Have a word with the spotters just before you lift. Let them know how you will signal them that you are ready to take the bar. When the spotter has taken a grip on the bar, you should take a deep breath so that you become further stabilised, then signal the spotter that the lift off should begin. At this point the bar should be lifted off and smoothly moved forward to a position just above your shoulders. Your arms should be fully extended with the elbows locked.

Once you are steady you should exhale and then take another deep breathe to raise your chest up higher. Your wrists should be bent back slightly to enable an arched descent to a high point on the chest. The exact point will vary slightly for different lifters. But it should be around the nipple area. When the bar touches the chest, the upper arms should be at a 45 to 60 degree angle from the body. In this position the lifter will have a stronger push from the chest. Any angle greater than 60 degrees makes it more difficult to initiate the push from the chest and over a period of time can lead to shoulder injuries.

The Ascent
The bar should actually stop dead on the chest without sinking excessively. Do not relax, keep all the involved muscles bar tight. The instant you hear the Bench command you should explode the bar upward without any heaving up of the chest.

During the press, when the bar approaches the midway point you may feel the bar slow down. It is at this point that the bar should be pressed up and back ; when this is done the elbows will naturally drift out as the bar is pushed back to the lockout position just over the shoulder joints.

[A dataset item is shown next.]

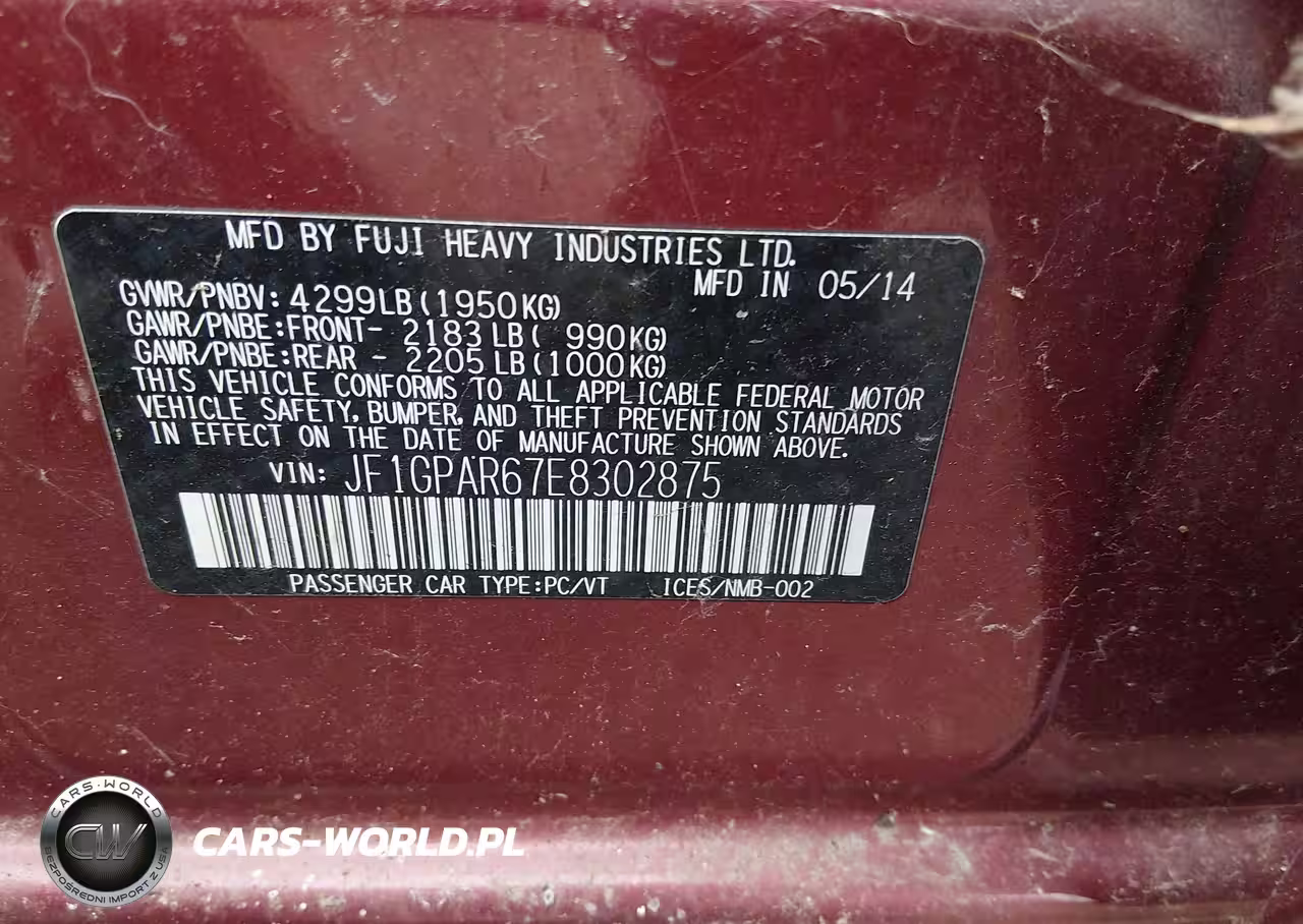 IAAI Nr: I-44790653 VIN: JF1GPAR67E8302875 Port: Indianapolis, IN

The proper groove for the bar is absolutely vital to efficient bench pressing. You must understand that any movement of the bar toward the abdomen as the bar is driven of the chest will most likely result in a stalled or failed lift, especially with heavy weights. Hence, it is important that you learn the proper diagonal "groove" between the chest position and the final lockout position. You should quickly establish the proper moment to push back and also take care not to begin this process too early in the upward motion.